Trade & Tariff Update, June 28, 2020 - "At the Root of the Controversy at the WTO—Antidumping"

The World Trade Organization has had a rough couple of years. The United States arranged the destruction of the WTO Appellate Body because the US alleges that the final tribunal of the WTO dispute settlement system has overstepped its authority. Among other things, a February report of the US Trade Representative accuses the Appellate Body of usurping the right of WTO members to make definitive interpretations of the agreements that established the WTO and the trading rules that members are obliged to obey. This is a serious accusation, but whether it’s true or not has been lost in the dueling narratives that are so pervasive these days.

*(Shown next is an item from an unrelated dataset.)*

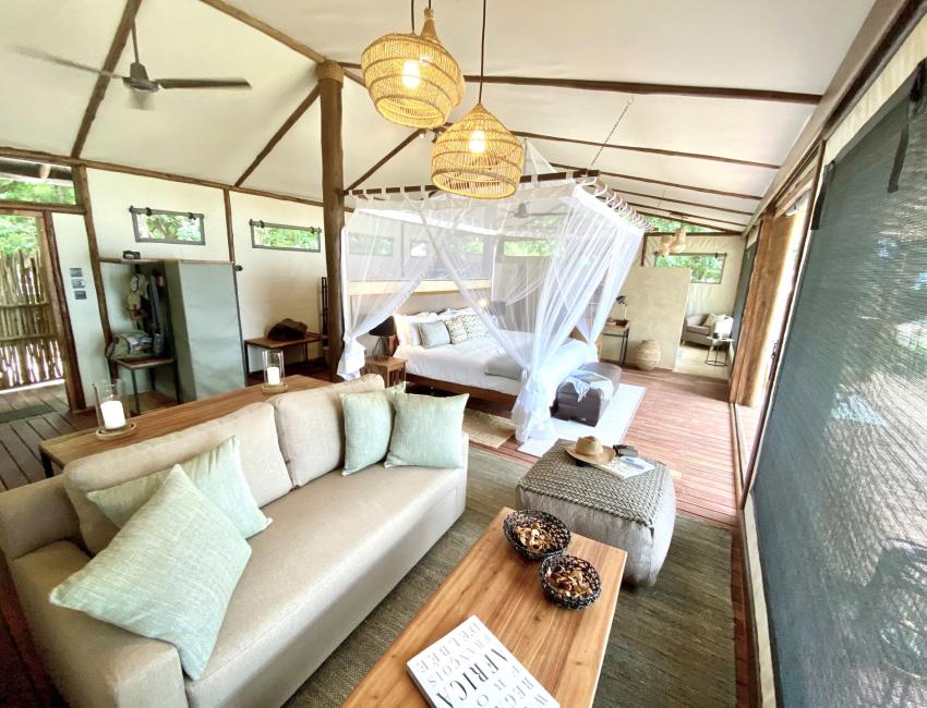 Ni luksuriøse telt byr på badekar, utvendig- og innvendig dusj, store og komfortable senger og stilig interiør. Alle teltene har spektakulær utsikt over Zambezi-elven og det rike dyrelivet som bor rett utenfor teltdøren din.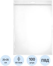 <p>Пакет c замком <nobr>zip-lock</nobr> размером 25×35 см из прозрачного полиэтилена высокого давления оснащен <nobr>замком-защелкой</nobr>. Оптимален для хранения и переноски мелких предметов (например, монет, пуговиц, бисера) и бумажных документов. Полиэтиленовые пакеты ПВД защищают от влаги и грязи. В упаковке содержится 100 пакетов. Пакеты имеют прозрачную застежку. Товар поставляется в ассортименте без возможности выбора цвета.</p>

The Appellate Body is the “supreme court” of WTO jurisprudence, the final word in disputes between WTO members. The United States has been a very active participant in these disputes, bringing 132 cases and appearing as a “respondent” (basically a defendant) in 167 cases, according to statistics published by the WTO. It is no surprise that any country, including the United States, would not enjoy being on the losing side.


Most of the cases where the US has lost disputes involve antidumping and countervailing duty actions. The US is a leading user of these laws in the world. It is therefore reasonable to say that the US’s losing record in antidumping/countervailing duty cases at the WTO is a key reason that the Appellate Body is under so much pressure. Whether those losses are deserved warrants a closer look.


I participated as a private lawyer in the Uruguay Round trade negotiations that produced the agreements that formed the WTO and set out most of the rules that govern trade. I recall clearly that many issues surrounding antidumping and countervailing duty matters were left in an uncertain state by the Uruguay Round agreements.


The US knew that it could lose on some of these major issues, such as “circumvention” determinations bringing new suppliers under existing antidumping and countervailing duty orders; imposing duties for subsidies to state-owned companies that were later sold in arm’s length privatization sales; and like “zeroing,” an antidumping methodology that treats sales with negative dumping margins (where the home market selling price, for example, is below the selling price to the United States market) as though they were zero. While circumvention has not been the subject of WTO decisions yet, it probably will be soon. Privatization sales and zeroing have been the subject of several WTO decisions.


When the US lost those cases, the government cried foul. The US claimed that the agreements did not prohibit imposing countervailing duties on companies that were later privatized in arm’s length sales, or zeroing out negative antidumping comparisons. The Appellate Body decided several cases on each of these points, and others. In doing so, the Appellate Body articulated a standard that previous decisions should serve as precedents for future decisions.


The interpretation of treaties is itself the subject of a treaty—the Vienna Convention. The cases involving antidumping and countervailing duties construed the agreements on subsidies and antidumping to prohibit those practices, while leaving many other practices alone. While the US naturally does not like losing, the Appellate Body cases are not outliers; nor, to be fair, are they beyond debate. The US decided to hobble the tribunal, the Appellate Body, in an effort to put these losses in play. The effort has succeeded in neutering the Appellate Body, but has not succeeded in making progress on reforming the WTO.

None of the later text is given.